WCFL was also involved in early experimental television broadcasts, and operated a shortwave repeater station, W9XAA, in the 1930s. This was the first television station in Chicago. On June 19, 1928, Ulises Armand Sanabria, a local television pioneer, made the first Chicago television broadcast using the WCFL Navy Pier transmitter to send the video portion of the signal and Chicago radio station WIBO for the audio portion. Those with receivers were able to see a head and shoulders view of Edward Nockels, the Federation secretary and driving force behind WCFL. It's also possible the broadcast was simulcast by the WCFL shortwave station, W9XAA. Accounts of later broadcasts at WMAQ specify their shortwave station was used for this purpose. As the Federation tried to revive their "WCFL Park" real estate project near the Downers Grove transmitter, the decision was made to abandon W9XAA in 1937, preferring to concentrate on gaining more transmitter power for WCFL. New Federal Communications Commission rules insisted that shortwave stations have a minimum of 5,000 watts of power; the cost to WCFL to upgrade to this level would have been around $10,000. In the 1941 NARBA reallocation, WCFL moved to 1000 kHz. The same year, it was granted a Class 1-B clear channel license, and increased its power to 10,000 watts. In 1948, its power was increased to 50,000 watts.

In the fall of 1937, the station was one of several Chicago radio stations to donate airtime to Chicago Public Schools for a pioneering program in which the school district provided elementary school students with distance education amid a polio outbreak-related school closure.

In 1948, the Federation was granted a license for an FM radio station, WCFL-FM on 104.3 MHz. Its transmitter was atop the American Furniture Mart, where WCFL's studios and offices had been located since 1931. WCFL-FM went on the air March 12, 1949, and simulcast its sister AM station's programming for six hours a day–from 3 p.m. to 9 pm. This time the Federation was impatient for its new radio station to become profitable, having gone from 1926 to 1940 before WCFL was "in the black". On January 10, 1950, WCFL-FM went off the air permanently; the Federation believed its dollars were better spent for its AM radio station. (Today, the frequency is occupied by WSCR-FM.)

During the 1940s, the Federation's thoughts turned once again to television, and in 1953, it applied for VHF channel 11 in Chicago. The Federation lost the bid to the city's educational groups, who would put WTTW on the air in 1955. An early 1960s try netted the Federation a license for Chicago UHF channel 38. In June 1968, plans were made for building a transmitter and antenna atop Chicago's John Hancock Center, as well as other construction needs to get WCFL-TV on the air. By late 1970, the Federation had begun to look at other uses for the station's license which did not involve the organization.

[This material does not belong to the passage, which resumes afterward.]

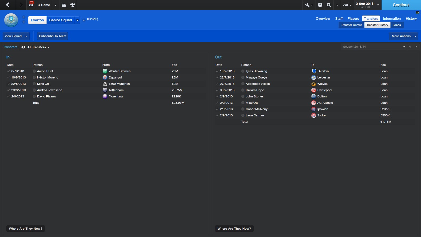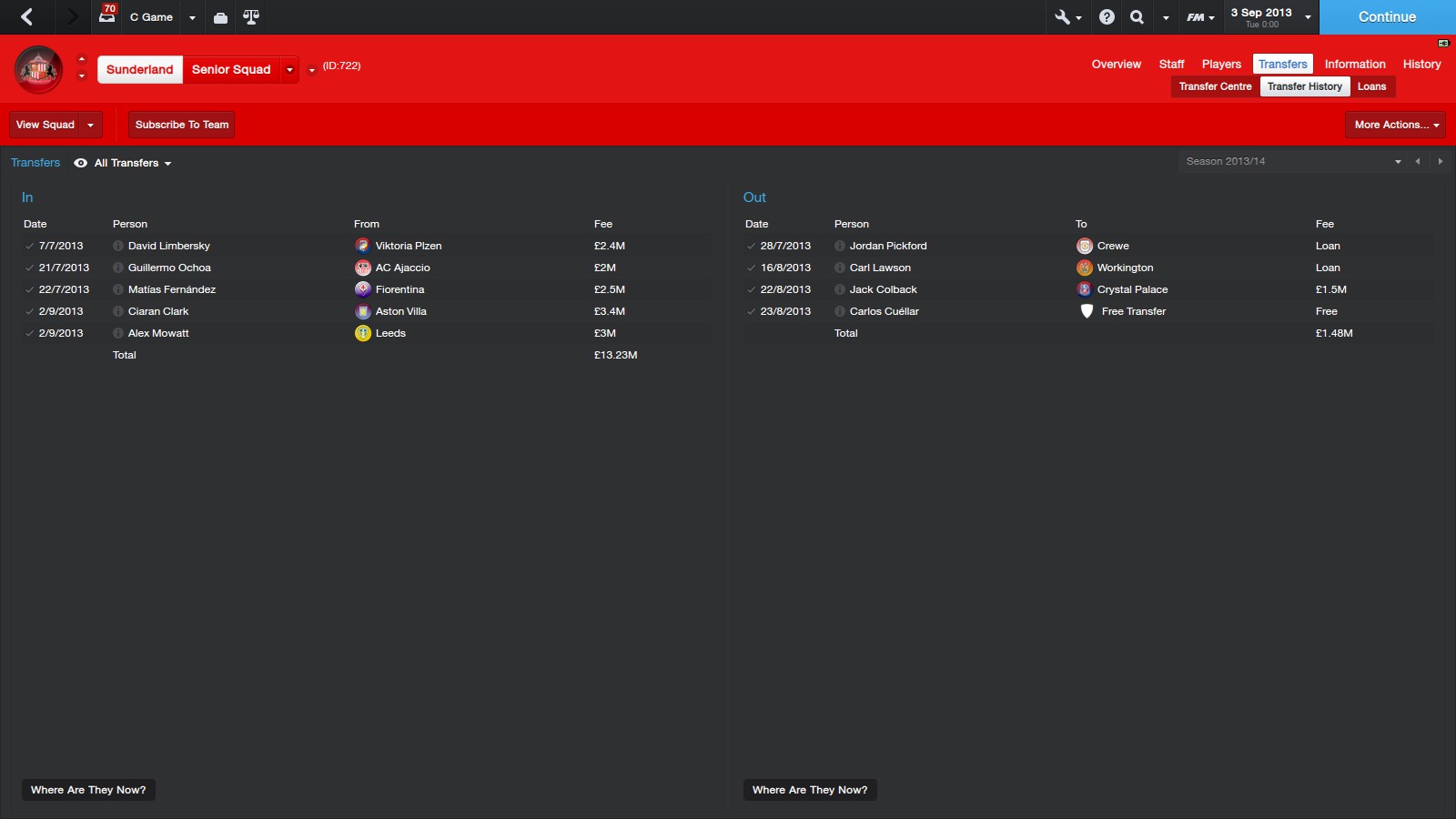 You may have 5 foreign transfers and 3 transfers from the lower leagues in England. To do this, you must name the player and his club in a PM. In this PM you must also post the transfer fee you wish to pay, which must be over the player's value. You first offer will be final

Christian Communications purchased WCFL-TV in August 1975, with the FCC approving the license transfer in early 1976. At the time of the sale, WCFL-TV had yet to be on the air; it became WCFC-TV and, later, WCPX-TV.

The station carried general entertainment over the decades, but by the late 1950s, WCFL evolved into a popular music station, which had banned all Elvis Presley records from its playlist in late November 1957. The pre-Top 40 talent lineup included Dan Sorkin in the morning, Mike Rapchak following him and Sid McCoy's all-night jazz program. It was Sorkin who introduced a young Chicago comedian, Bob Newhart, to Warner Bros. in 1959. Bob Elson did both White Sox games and interviewed celebrities at The Pump Room; his sports cohort, Milo Hamilton, also wore two hats, talking football and playing music. Rapchak, who quit on the air in 1965 due to WCFL's new format, returned there in 1978, once again playing big band and jazz music.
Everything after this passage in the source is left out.